In a “pure” software company, MDA is much more a permanent asset, so some of these drawbacks will have a minor effect.
Adopting MDA is a big mindset shift for a development team, all of the usual operation for all the roles involved are different. You can be radical and forget about all the MDA stuff done by an external team: at the end PIM produces PSM which produces code. You just move the focus back to code. It’s like moving back from industry to artisanship, but if you’re just “decorating” the legacy MDA-engineered application, it can just make sense (but you’ll pay more if you want to move back to MDA, for example to apply some new functionality). In this case, the model and the architecture are just assets of the development task force, which can deliver proven yet custom applications in a shorter time.
Finding the hot spot
If you decide instead to adopt the full MDA round-trip also fro the maintenance phase, you’ll have to be aware that the whole maintenance methodology gets scrambled. For any reported bug, the problem determination cycle must determine whether the error resides in the PIM, PSM, (custom) transformation, or protected area. Each solution leads to a different way to resolve the bug maintaining the overall system integrity. You’re probably going to pay part of the savings in the early stages of the project, in the maintenance phase, ‘cause you need more skilled developers to get the job done properly. On the other hand you’ll probably have less bugs, in this project, or in the following if you correctly adjust the models and the mappings.

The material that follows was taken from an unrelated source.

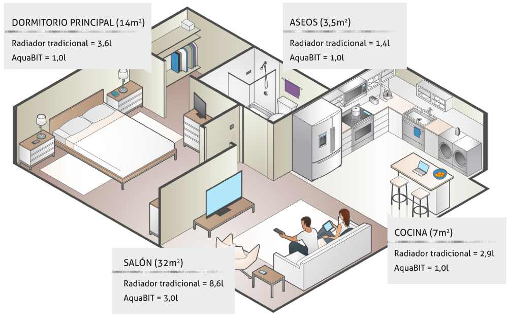 Aquabit conjuntamente con los nuevos sistemas de producción de calor con agua a baja temperatura, consigue reducir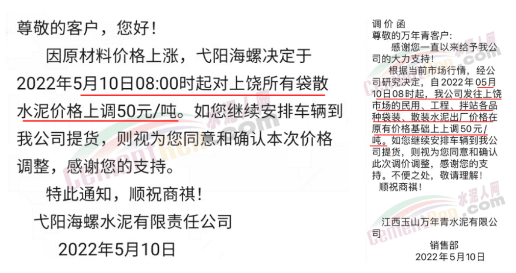 5月10日弋陽海螺水泥、江西萬年青,對(duì)上饒所有袋散水泥價(jià)格上調(diào)50元/噸。

Regardless of the chosen approach (partial or full roundtrip), one of the greatest boost to development speed is given by the toolset used. Unfortunately, there’s still a big distance from the claimed official academic MDA approach and the real world offer of MDA tools on the market. Despite the OMG efforts for interoperability, looks like most of the tools have still chosen a “proprietary approach”, somehow forcing the development process to be tailored around the specific tool (which sounds a bit ironic, cause MDA aimed to achieve platform independence). Moreover, most MDA tools look pretty expensive, the vendor lock-in might so be enforced by your boss: “You asked all of this money for this tool? Now you’re going to use it till the end of your days to have it repaid!” (Lightning & thunder).
Diamonds are forever
I haven’t really found any information about somebody who switched from one MDA tool to another one, still inside an MDA process. I suppose it might be interesting to know. I haven’t seen such mobility also in UML tools probably due to price reasons as well, so we might expect a similar scenario in the MDA playground as well, with few big competitors, defining de-facto standards, as long as open source doesn’t show up as a real full-featured viable option.